Black holes are found in galactic cores by the spectral signature of the material in the accretion disk. The emission lines give scientists information about the speed and direction of the material around the black hole. The search for twin black holes required astronomers to look for a dual signature in the emission lines. This is just what former NOAO Director Todd Boroson and NOAO Astronomer Tod Lauer have found using data from the Sloan Digital Sky Survey.
The Fate of Black Holes in Galactic Mergers
Galaxies, particularly those in clusters, can collide and merge into one larger galaxy. The question is, what happens to the black holes in these galaxies’ nuclei? Current theory predicts that the black holes will orbit one another until they eventually merge into one large black hole.
When Boroson and Lauer found the dual signature in the emission lines, they first had to rule out that they were seeing two black holes in separate galaxies, positioned one in front of the other. Using red-shifted distance, they discovered that the two black holes were, indeed in the same location.
“The double set of broad emission lines is pretty conclusive evidence of two black holes,” Boroson explains. “If in fact this were a chance superposition, one of the objects must be quite peculiar.”

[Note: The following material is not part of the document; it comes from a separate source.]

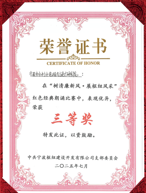 為慶祝中國共產黨成立104周年,2025年7月1日,寧波樞紐建設開發有限公司隆重舉行了“紅動樞紐·同心共建”迎“七一”主題黨建活動。作為寧波樞紐片區重要參建單位和黨建聯盟成員,我院黨總支書記、副院長王洪霞帶隊參與了本次活動,并且,我院兩位青年職工攜選送作品在“樹清廉新風·展樞紐風采”樞紐片區紅色經典朗誦比賽中榮獲三等獎。

Future observations will help to cement their case. “One nice thing about this binary black hole system is that we predict that we will see observable velocity changes within a few years at most. We can test our explanation that the binary black hole system is embedded in a galaxy that is itself the result of a merger of two smaller galaxies, each of which contained one of the two black holes.”
The two black holes are separated by 1/10 of a parsec, which is equal to 1/3 of a light-year or a tenth of the distance from the Sun to the nearest star. The smaller black hole has a mass 20 million times that of the Sun and the larger one is 50 times bigger. The black holes complete an orbit around their center of mass every 100 years, traveling at 6,000 kilometers per second.